Lembro-me da estranheza que senti quando fui a Bruxelas pela primeira vez: a toponímia, as placas com indicações, nas ruas, no metro, nos museus, tudo bilingue (francês e flamengo). Mais os conselhos do tio habitante em Bruxelas: se fosse para norte, terra dos flamengos, era preferível falar em inglês. É que eles olham de soslaio para o visitante que aparece a falar em francês. Detinha-me no mapa e nos dados geográficos e a perplexidade aumentava, sobretudo para quem estava habituado à tessitura homogénea do chão pátrio. Um pequeno país, cerca de um terço do território português, e tanta diversidade cultural, linguística, religiosa. E uma rivalidade ancestral entre valões e flamengos. Um país em pinças pela inimizade histórica entre as duas comunidades. Aprendi então que o federalismo é o milagre que cimenta os buracos que separam as duas partes com tudo para serem figadais inimigas. De como duas comunidades em antagonismo conseguiram superar inimizades e fazer-se país.

O espectro da divisão sempre esteve visível no horizonte belga. Agora recrudesceu, pela incapacidade de fazer nascer um governo, e porque essa incapacidade recua às rivalidades entre as duas comunidades. Um diálogo de surdos e as campainhas da intolerância a soarem mais alto que nunca fermentam o esboroamento da Bélgica. Há já quem sugira que, perante o impasse, a solução é a ruptura entre as duas partes belgas, o decesso da Bélgica como a conhecemos. A União Europeia perderia um dos seus Estados fundadores. Em sua substituição viriam dois novos (quase micro) Estados. De vinte e sete para vinte e oito Estados, a nova composição da União Europeia.

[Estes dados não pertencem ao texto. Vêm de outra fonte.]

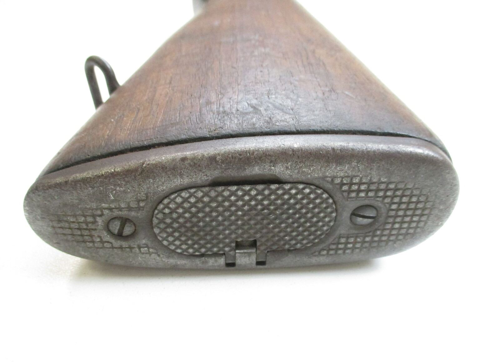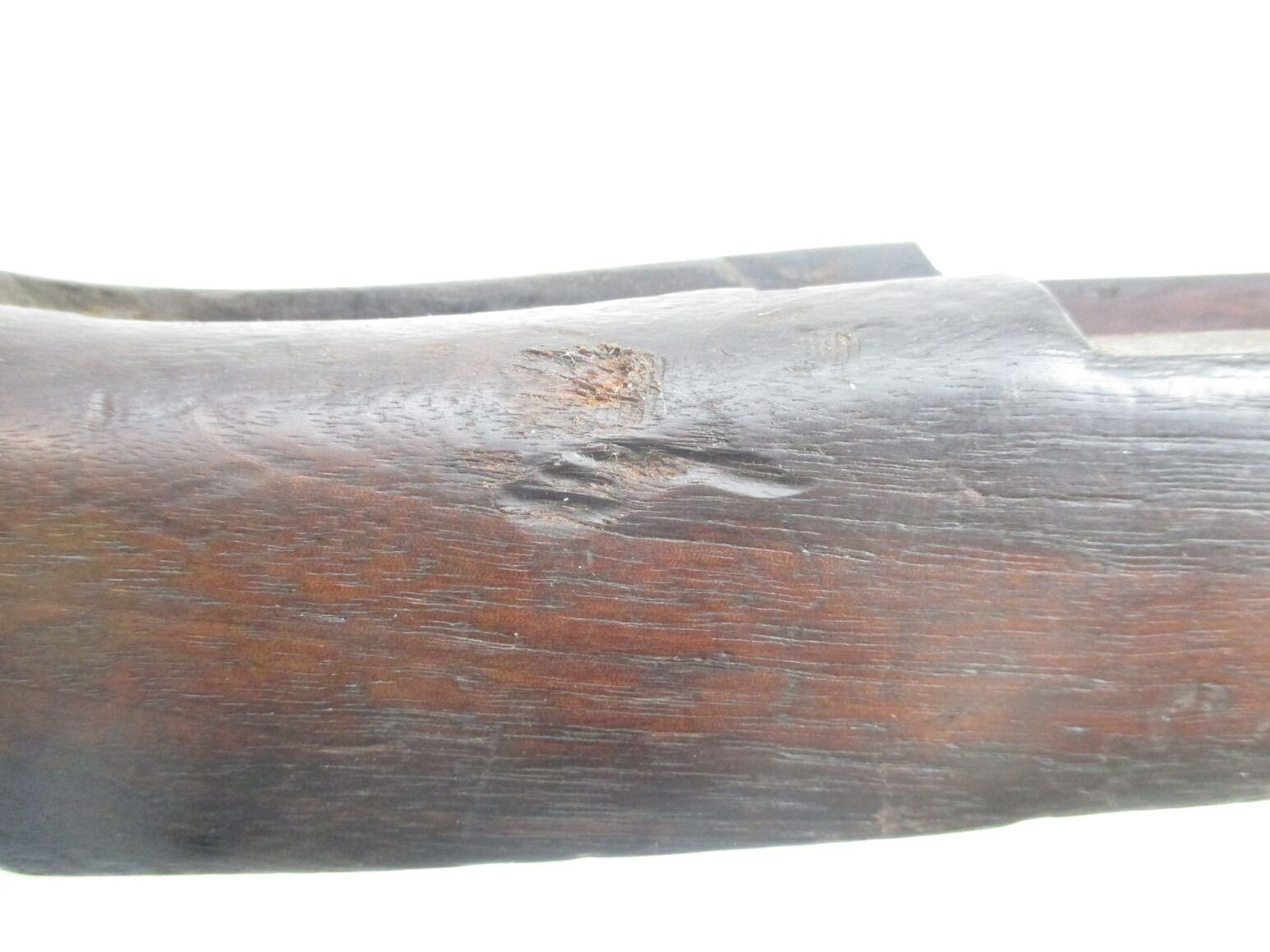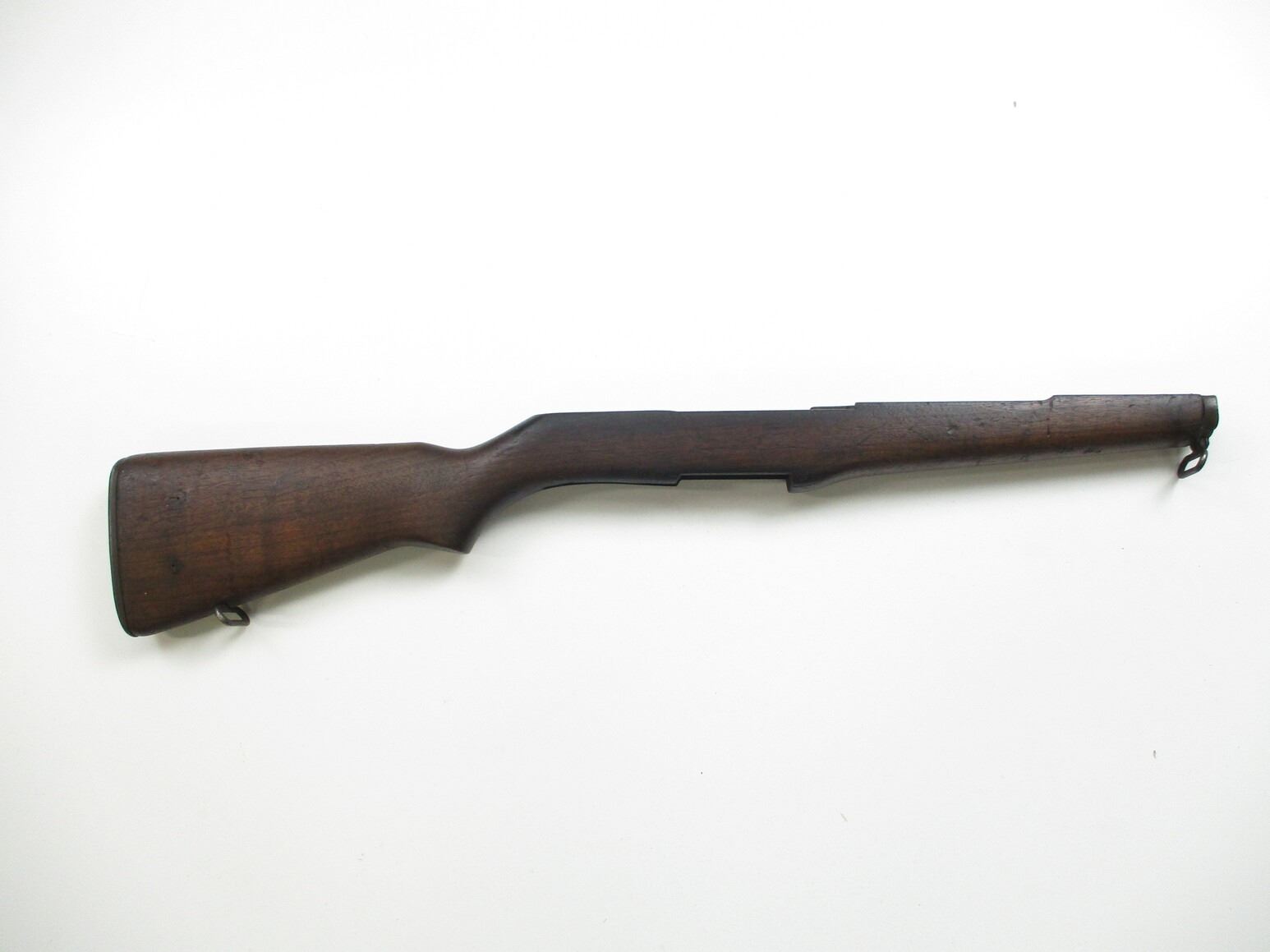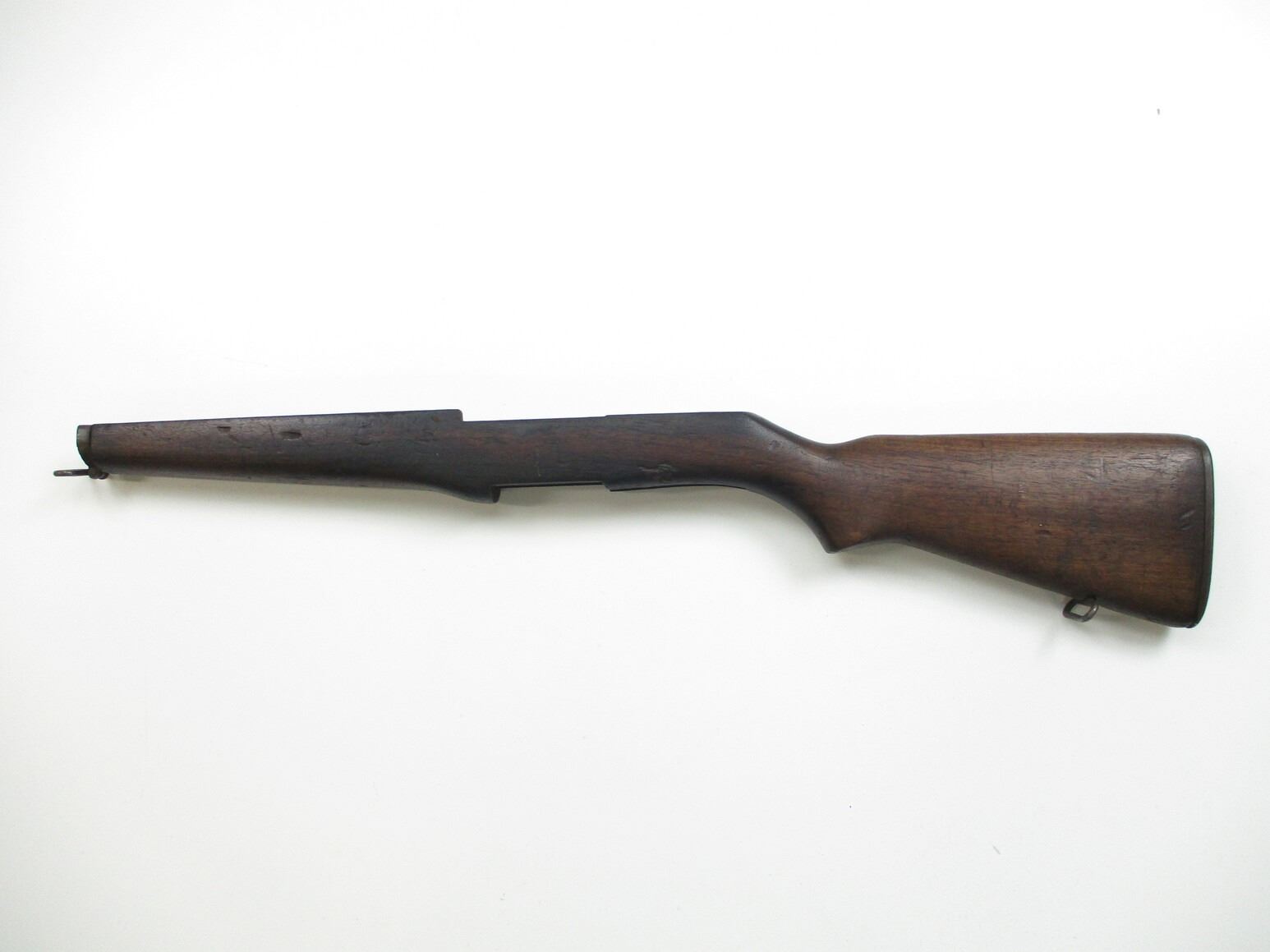 M-1 GARAND RIFLE STOCK , WOOD, APPROX. 29.75" OAL, WITH BUTT PLATE, SWIVELS, NOSE CAP & OTHER METAL PARTS, MARKED "P" ON RIFLE GRIP, STOCK MAY HAVE SCUFFS, SCRATCHES, GROOVES, & OR CHIPS. MAY REQUIRE FITTING. SEE PHOTO.

Dizem os sábios, “para grandes males, grandes remédios”. E se há casais que chegam ao fim da linha e escolhem o divórcio, também o casamento frágil que manteve a Bélgica como Estado tão artificial pode estar a caminho do divórcio. A História está repleta de casos de recomposição de fronteiras. A tendência recente é a pulverização de fronteiras, com a desagregação de outrora grandes países em vários Estados que assumem a sua autodeterminação, ganhando direito à independência. Tivemos a implosão da União Soviética e da Jugoslávia, mais a divisão da Checoslováquia. Seguir-se-á a Bélgica? E depois, a Espanha? Pois também há quem diga que o conglomerado de nacionalidades deu origem a um país artificial, um espartilho que asfixia a identidade dessas nacionalidades. Riscos que a portugalidade, tão homogénea, não corre. Para gáudio dos que mostram exacerbado orgulho pátrio.

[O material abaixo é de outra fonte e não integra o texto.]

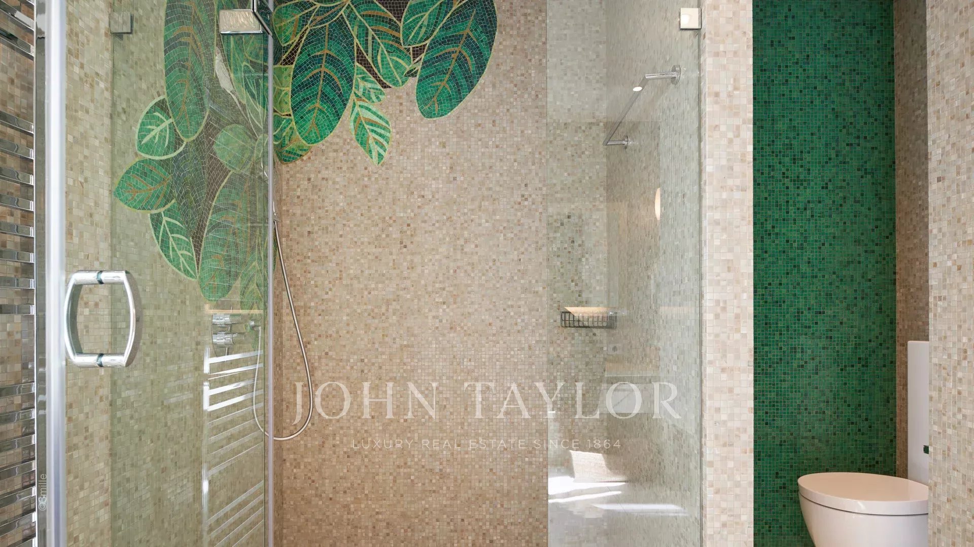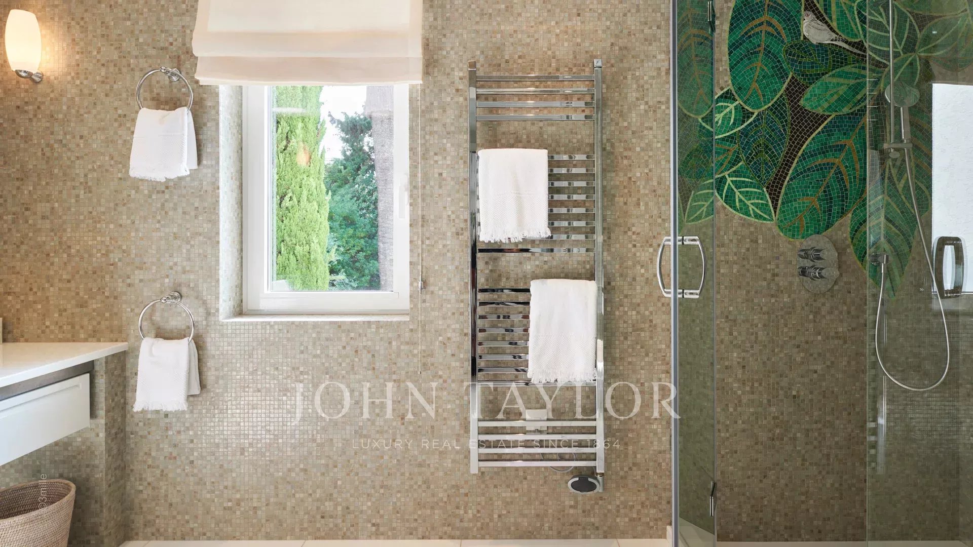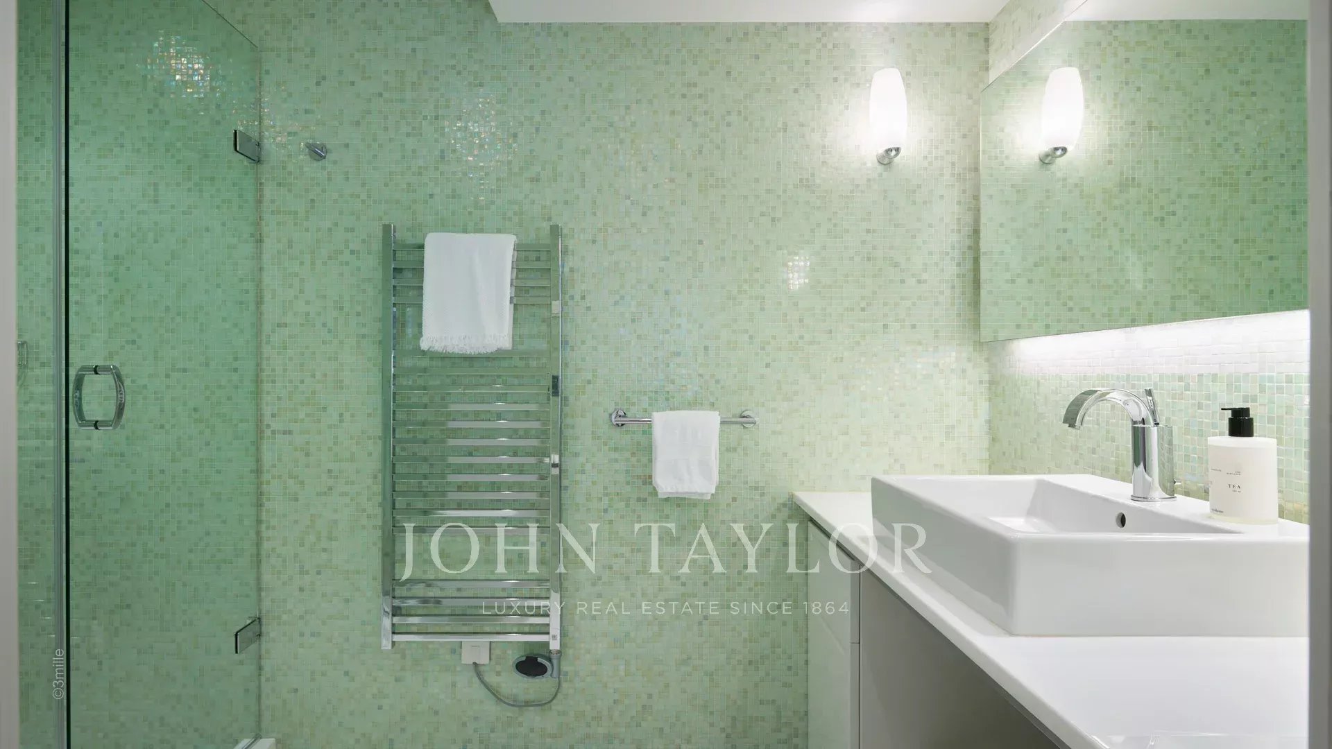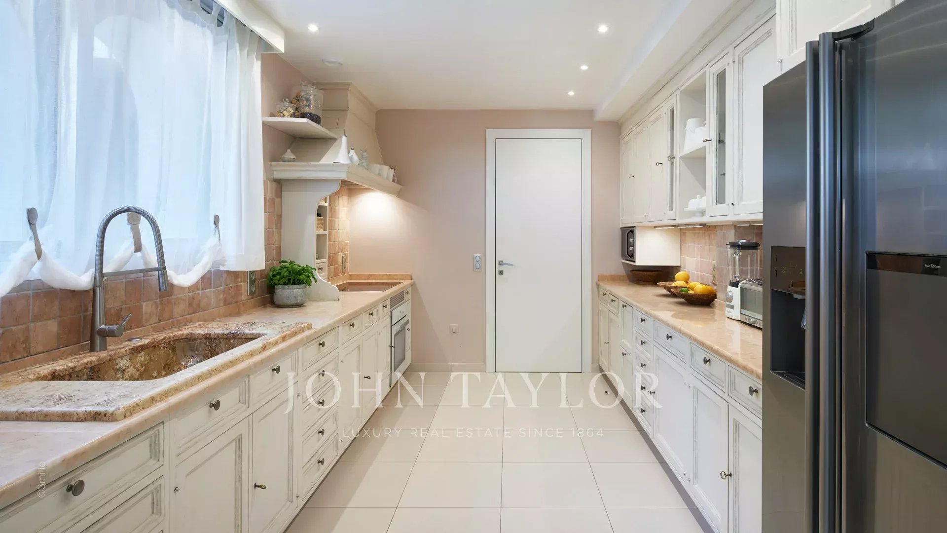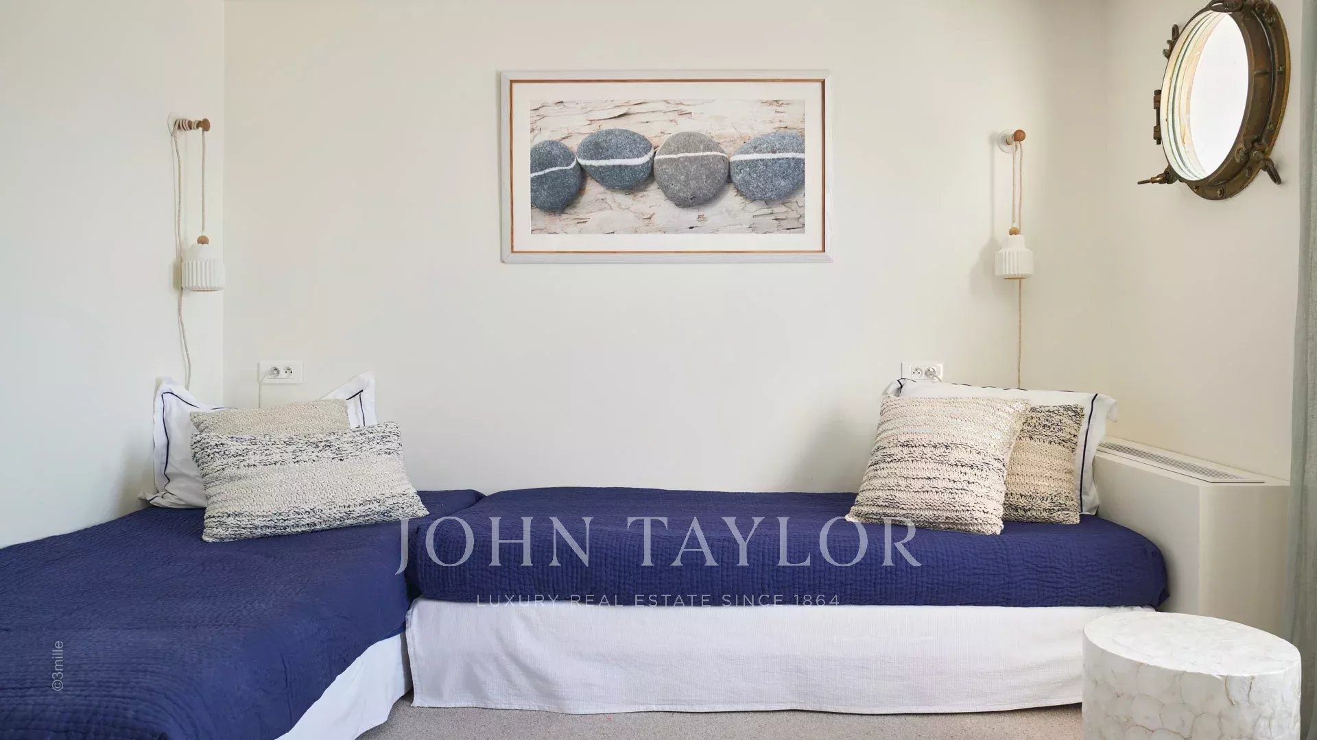 Вход ведет в просторную приемную, выходящую на великолепную террасу с видом на море и старый Антиб, состоящую из гостиной и столовой на 12 персон.

Nada impede que Portugal surja à venda na Internet. Pode sempre aparecer um provocador profissional que se disponha a vender o país que o viu nascer. Assim como assim, somos educados na convicção de que somos o país e que o país somos nós. Daí ao direito de dispormos do património que nos pertence, um singelo passo. O seguinte seria congeminar uma fórmula atractiva para a licitação pública (e um valor de partida). Ilógico assumir o milhão de euros proposto para a Bélgica e usar uma regra de três simples, computando o território luso para aferir o valor de partida. É que as terras têm qualidade diferente. E o lastro dos países – o desenvolvimento que mostram, a têmpera dos povos – é factor de elevada ponderação. E ainda que Portugal seja 2,7 vezes maior que a Bélgica, isso não seria suficiente para começar a licitação pública com 2,7 milhões de euros. Exigível um factor de correcção para desvalorizar a proposta lusitana. Por estimativa, diria que seria aceitável partir de dois milhões de euros.

Faltaria a fórmula acertada para seduzir os potenciais compradores. Sugiro esta: “terra de abundantes horas de sol ao longo do ano, variedade de paisagens, monumentos a carecerem de intervenção reabilitadora, gastronomia válida, vinhos de qualidade, folclore inestético, fado enfadonho, tristeza popular por aplacar e preguiça congénita incorrigível; paz social e brandos costumes fazem da sociedade um plácido conjunto fácil de domar a quem vier gerir o estabelecimento.